A partir de entonces, todo el mundo entabló conversación con ella. La pareja que estaba en su luna de miel admiró al niño en el ascensor. La joven movió la cabeza negando con placer el obvio encanto del niño (a veces llevaba trenzas cuando bajaba a la playa, como en ese momento), y se disculpó por el ruido que armaba a primeras horas de la mañana; la pareja en luna de miel ocupaba la habitación contigua.

—¡Qué va, no le oímos nunca, de verdad! —exclamó la novia—. ¡No nos explicamos cómo se las arregla para tenerle tan callado, es una maravilla!

—Es una paliza, se lo aseguro —dijo ella, y se rio con simulada severidad.
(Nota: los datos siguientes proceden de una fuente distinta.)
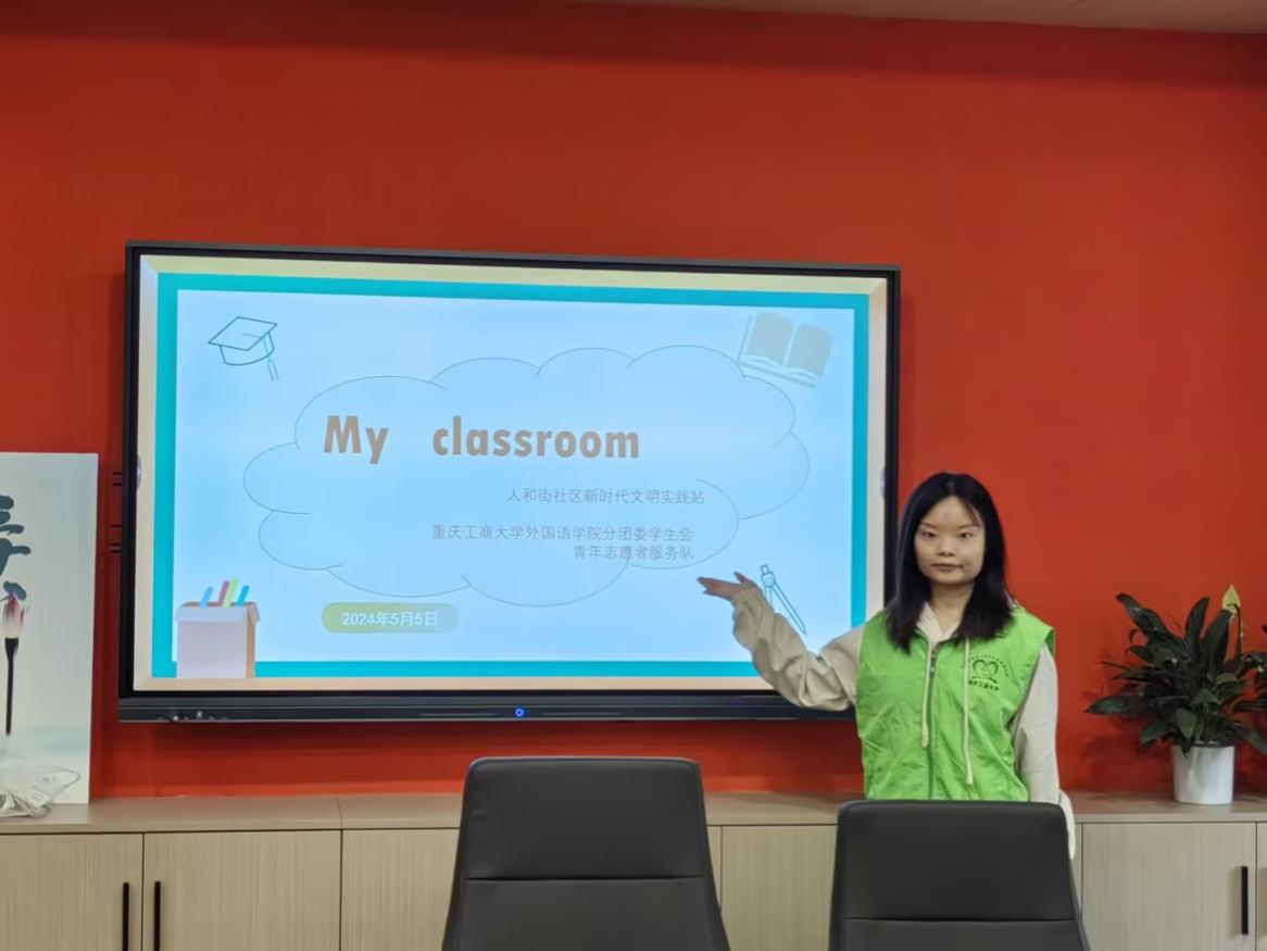 2024年5月5日,新葡的京集团35222vip青年志愿者服务队以“英领中西,语通世界”为主题的青少年之家系列活动在重庆市渝中区大溪沟街道人和街社区成功举办,渝中区人和街社区的小朋友们积极参加了此次活动。

—¡Una maravilla! Pero no podrá disfrutar gran cosa de sus vacaciones —comentó la novia, como una confidencia entre mujeres—. Yo me traería a mi marido conmigo para que hiciera su parte —y se rieron todos, incluyendo el marido, que al año próximo por esas fechas estaría plegando cochecitos de bebé y sosteniendo bolsas de pañales, tan acosado como ahora tiernamente entretenido.
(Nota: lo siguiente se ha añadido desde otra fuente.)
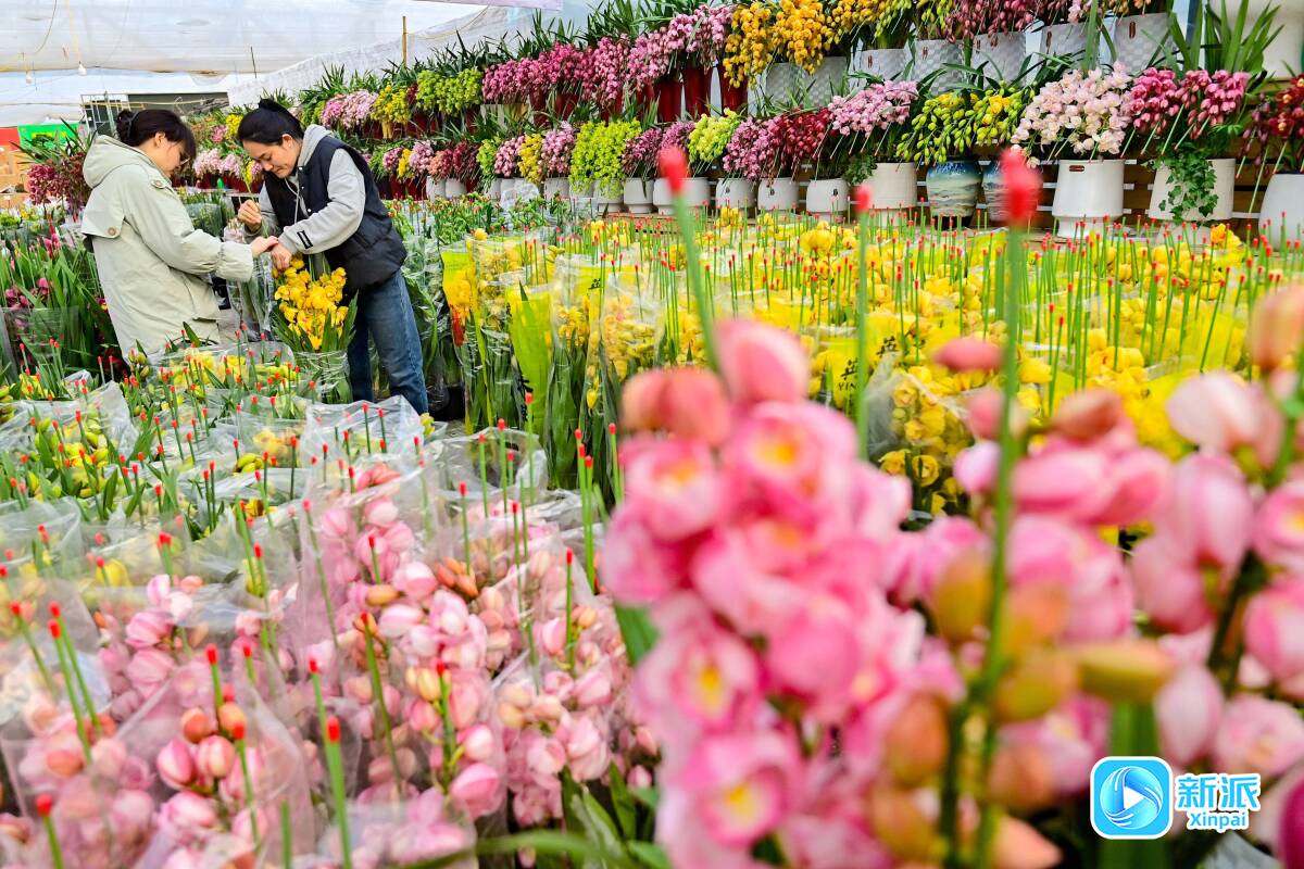 中国(青州)花卉苗木交易中心,一家商户正在对售出的花卉进行打包。(资料图片)

—¿Dónde ha dejado al chiquitín? —preguntaba todo el mundo a las horas más inverosímiles.

—Duerme como un lirón —decía la joven con una sonrisa, siguiendo su camino con un nuevo libro en la mano.

Hasta los chicos llegaron a conocerla. Fue la tarde que llevaba puesto su vestido negro —el negro le hacía parecer especialmente joven, como si su complexión de niña, su suave altivez, su aire de ternura, destacaran en proporción directa a la sofisticación de su ropa—. Cuando iba de negro, lo llevaba todo negro; este vestido era muy escotado de hombros, se abullonaba en la cintura y estaba hecho de tela gruesa. Tomaba asiento, con las manos —pequeñas y pulidas como las de un retrato renacentista— sobre el regazo. Había terminado tanto el café como el libro, y no hacía más que mirar a su al-rededor en el vestíbulo lleno de gente, sin mostrar atrevimiento o embarazo.
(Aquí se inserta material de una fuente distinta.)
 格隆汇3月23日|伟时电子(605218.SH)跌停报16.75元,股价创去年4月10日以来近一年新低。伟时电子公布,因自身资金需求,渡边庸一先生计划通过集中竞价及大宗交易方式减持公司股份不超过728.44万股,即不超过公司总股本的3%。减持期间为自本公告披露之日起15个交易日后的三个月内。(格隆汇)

El viajante de ropa interior femenina estaba sentado cerca, pidiendo un licor para él y para uno de los chicos (le agradaba pensar que era todo un experto en muchas cosas). Mientras conversaba con el camarero sobre su elección, estaba sentado enfrente de la joven, quien por fuerza tenía que verle, y eso le hizo pensar que era una descortesía pedir una copa ante sus propias narices; sintió esa culpable timidez que paraliza a los niños cuando meten la mano en una bolsa de caramelos en presencia de los mayores, a sabiendas de que les han enseñado a ofrecer antes, y ello le envalentonó para poder hacer lo que quería hacer desde hacía muchas noches:

—Perdone —dijo levantándose y metiendo rígidamente el trasero para dentro—. ¿Le gustaría tomar una copa con nosotros? Mi amigo y yo la estamos pidiendo ahora.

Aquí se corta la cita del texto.